Thursday, December 07, 2006

6 Wicked Things

OK – I’ve been tagged. Now, I am going to do this thingy, but I am NOT tagging anyone else. It goes against my belief structure. However, if anybody wants to do this as well, please, go right ahead.

THE RULES: Each player of this game starts with the “6 wicked things about you”. People who get tagged need to write a blog of their own 6 wicked things as well as state this rule clearly. In the end, you need to choose 6 people to be tagged and list their names. Don’t forget to leave a comment that says “you are tagged” in their comments and tell them to read your blog.

1. I HATE ham. I can’t stand the sight, smell, taste, or feel of ham. I got sick on ham as a child on a few occasions, and I’m guessing this is probably why I feel this way. My former coworkers (at Lockheed) gave me a picture of ham as a going away present … not sure if they did it out of love or were happy to see me go, though.

2. I once got hit by a car when I was crossing the street on my way to play street hockey over at a friend’s house. There was a change in traffic patterns at the place I crossed, and I didn’t realize this. The lady hit me, and I got thrown about 10 feet. I ended up getting up, and continued on my way to play hockey, even though the lady was hysterical. I thought that would be it, BUT the lady knew my mom, and called her to make sure I was ok. When I came back from the hockey game, my mom was waiting for me at the front door – worried sick about me. Oops.

3. At a New Year’s party when I was in high school, I learned the whole “Beer before liquor, never sicker rule,” as I drank a few cans of beer, then switched to vodka and orange juice … and then, when the orange juice ran out, I attempted to drink vodka and milk … I eventually threw up all over myself, a couch, and the living room floor .

4. I have repeatedly given the “Dutch Oven” treatment to my wife in the past … somehow, I have grown out of this … I’m thinking because I no longer find this as funny as I used to.

5. I once worked at a place for 10 minutes … before I quit. I was in 9th grade, and it was a restaurant that I enjoyed going to. When I found out some disgusting “behind-the-scene” occurrences, I ended up telling the manager that I would be right back, and I ended up walking home … never to return.

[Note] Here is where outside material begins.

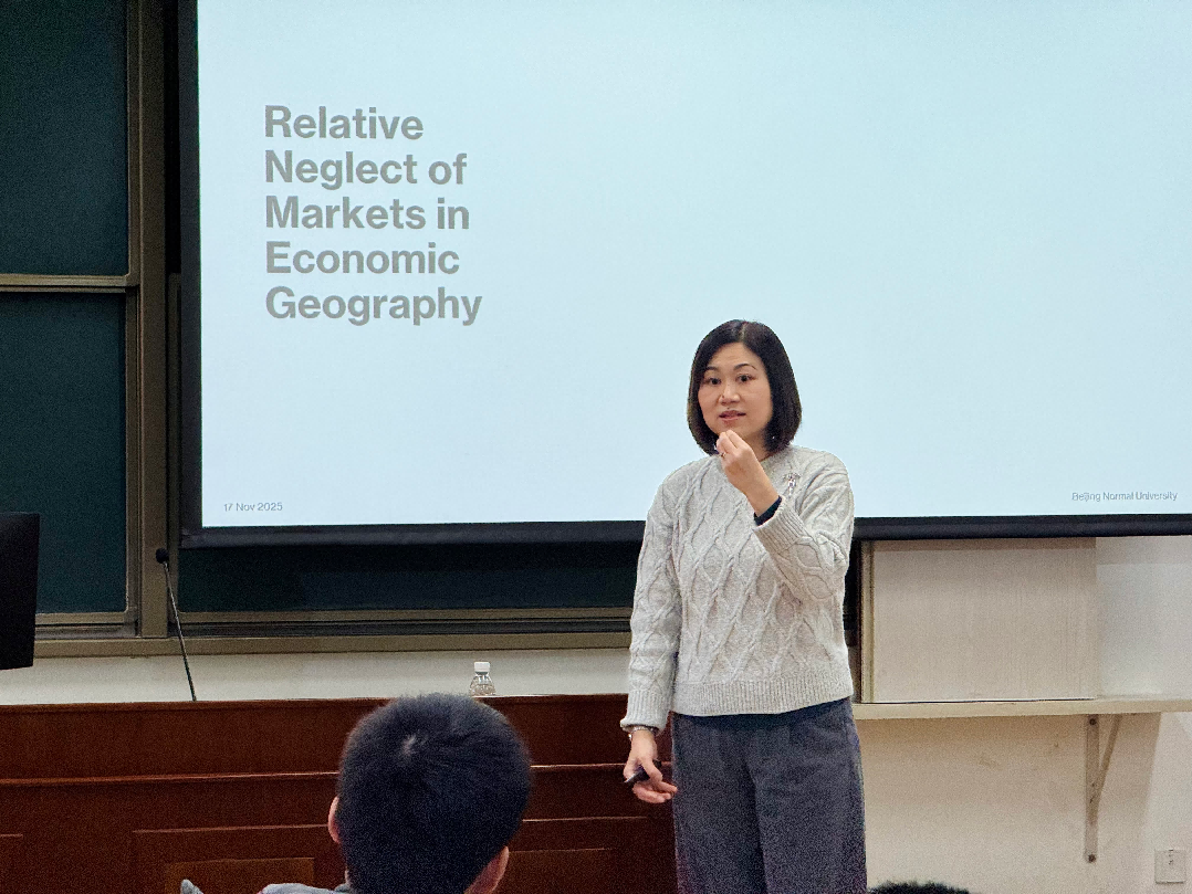 2025年11月17日,英国杜伦大学地理系Karen Lai教授作了题为“Studying Markets in Economic Geography: Theoretical and Methodological Approaches”的专题报告。讲座由程杨教授主持,人文地理学专业郑龙飞老师、部分研究生和本科生参与了此次讲座。Lai教授指出,长期以来经济地理学受“生产主义”取向主导,相对忽视了对市场的关注;而近年来,学界正重新将“市场”纳入核心议题,既将其视为一种抽象的制度逻辑,也关注其在具体时空中的物质化实践。Lai教授借助丰富的文献积累,系统梳理了三种主要理论视角:地理政治经济学(Geographical Political Economy)、文化经济学(cultural economy)和女性主义经济地理学(feminist economic geography)。基于此,她运用全球钻石市场的案例,生动地展示了如何运用不同理论分析同一个经济现象。最后,Lai教授介绍了定量网络分析、文本与话语分析、深度访谈、民族志观察、参与式日志及行动研究等方法在经济地理学的市场研究中的应用。在交流讨论环节,同学们聚焦经济地理学对学科的知识溢出、经济地理学研究方法在不同研究问题中的应用等话题向Lai教授提问,并获得了深入的回答。
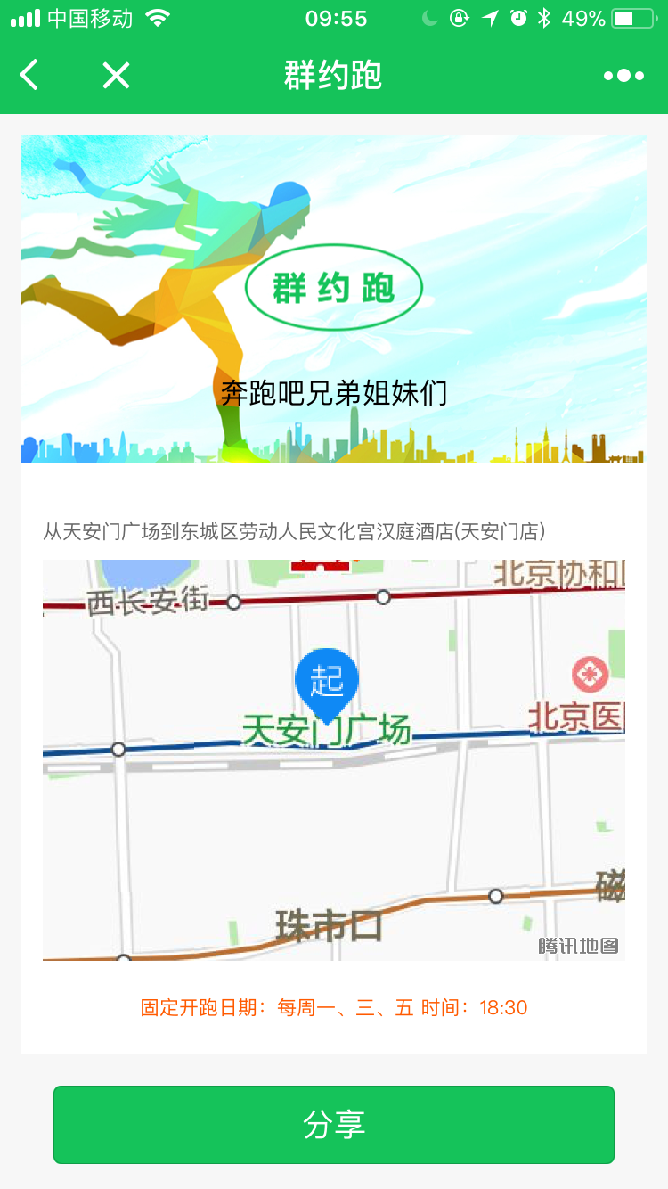 该小程序用于发布约跑活动,附近的人可加入,下班跑回家,周末一起跑,大家一起跑起来!

6. When I worked as a P.R. intern for the Eagles in 1996, I decided to skip a Christmas party that was being thrown by Rodney Peete for players and staff, mainly because I was getting sick of the hours I was working (for free, by the way). I came to work the next Monday, and found out that Michael Jordan was at the party and he took pictures with all the staff members … I’m an idiot.

9 comments:

furiousBall said...

ok, this is odd - look at my post for december 7th, we're both blogging about dutch ovens...the truth is out there or something.

Ink and Stone said...

Allright Los, I wrote my 6 things.
You can find them here:
http://openhandclosedfist.blogspot.com/

Oh yeah, Ham + Los = fun times had by all!

Eric said...

Vodka and Milk? Sick, only in high school would one attempt something like that. And I don't see a point in my life where the dutch oven loses it's humor.

Fairmaiden327 said...

Los, what happened in #5?

Thanks for doing this, you know you didn't have to. I LOATHE memes but didn't want to turn her down.

Fairmaiden327 said...

P.S. Miss chatting during the day. Have a good weekend.

Los said...

Furiosball - I tried going onto your blogsite, but can't find it for some reason - can you give me a link?

Ink - ham is nothing to joke about!

Eric - Yes, this was something I did in high school, thankfully I learned it at an early age.

FM - I miss you dearly.

Jeff - You might be onto something...

Fairmaiden327 said...

Los: When r u gonna come on line, 'nother week or so? Lot going on.

Superstar said...

Ok is "dutch oven" a east coast thing??? AHEM
Can I please get a definition of what you mean?

Los said...

FM - not sure when - I might be able to do some blogging Christmas week.

Superstar - Dutch oven is when you fart under the covers and you stick your spouse's head under them.